Finding EBS Boot Volumes
Recently I got a question on how to find boot volumes of AWS instances. While I did not get any background on the purpose of this, I found the task interesting enough to dig a bit deeper. As in “down to the binary level”. Interested?
There are two different cases to check: are the volumes attached to an instance or are they some historic remains in an “available” state.
Option 1: Attached
If volumes are attached, the task is easy. You just have to look at the volumes and if they are attached to an instance either as /dev/xvda
or /dev/sda1
. You do not even need a script for this, but can use an AWS CLI call with a JMESPath-based query:
aws ec2 describe-volumes --query 'Volumes[].Attachments[?Device == `/dev/xvda` || Device == `/dev/sda1`][VolumeId][][]'
This will list all volumes, filter for those which have Attachments
to one of those two devices, only leave the volume ID and flatten this to a nicely parseable list:
[
"vol-29b1412a3d29c3ef0",
"vol-02b4f228355b03bbf",
"vol-55ee29db406f77b23",
"vol-fd430a5139d351f93",
"vol-f0da25b823de17d19"
]
There might be AMIs that have different root volumes, though. Before doing anything rash, check if there are instances that use a different convention.
Option 2: Not Attached
Now, if you want to get the same information when EBS volumes are not attached - you seem to be out of luck: As every volume is just a virtual hard drive, there is no indicator in any AWS API on the type of volume. You can attach data volumes to instances and will only be able to see if it worked if you can connect to the instance or see error messages with the “instance screenshot” function.

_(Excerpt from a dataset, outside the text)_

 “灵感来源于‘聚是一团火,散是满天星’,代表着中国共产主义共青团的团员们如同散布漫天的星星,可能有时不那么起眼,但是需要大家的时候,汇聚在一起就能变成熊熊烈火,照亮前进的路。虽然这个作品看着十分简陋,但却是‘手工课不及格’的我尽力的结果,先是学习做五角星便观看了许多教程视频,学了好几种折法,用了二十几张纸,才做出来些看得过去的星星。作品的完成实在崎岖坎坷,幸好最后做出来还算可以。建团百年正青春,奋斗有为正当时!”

But if you have regular snapshots (aka backups) configured for your instances, we can go deeper.
EBS direct APIs
One little-known fact is, that AWS introduced the ability to read and write partial snapshots back in December 2019. This is intended for backup/recovery tools that can retrieve parts of a snapshot for file-level restores and similar actions. I already blogged about some possible EBS direct API security implications a while back.

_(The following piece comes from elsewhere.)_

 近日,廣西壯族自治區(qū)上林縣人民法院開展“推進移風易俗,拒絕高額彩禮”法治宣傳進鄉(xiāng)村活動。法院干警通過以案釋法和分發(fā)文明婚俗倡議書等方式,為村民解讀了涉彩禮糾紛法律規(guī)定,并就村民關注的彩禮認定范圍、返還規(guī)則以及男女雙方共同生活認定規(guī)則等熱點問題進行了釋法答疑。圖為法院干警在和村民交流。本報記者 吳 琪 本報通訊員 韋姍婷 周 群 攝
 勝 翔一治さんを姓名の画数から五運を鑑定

For our use case, this allows us to access parts of the snapshots (you cannot access volumes in this way) to check for their contents. Why is this enough? It’s called …
Partition Tables
If you ever had to debug boot issues or had some level of data corruption, you probably already touched partition tables. Simply put, these are reserved areas on a hard drive (virtual or physical) which give metadata about its contents. You find information about the size of its data areas, the used filesystems, the overall structure, and which partitions are enabled for booting an operating system. This is what we are searching for.
Two types of partition tables make up the majority of cases:
- MBR: Created way back in 1983, with limited functionality, up to 2 Terabyte of disk
- GPT: Much more flexible, up to 75,600,000 Terabytes (should be enough for a while) The key takeaway from this: You can check the partition table if there is any bootable operating system on the disk.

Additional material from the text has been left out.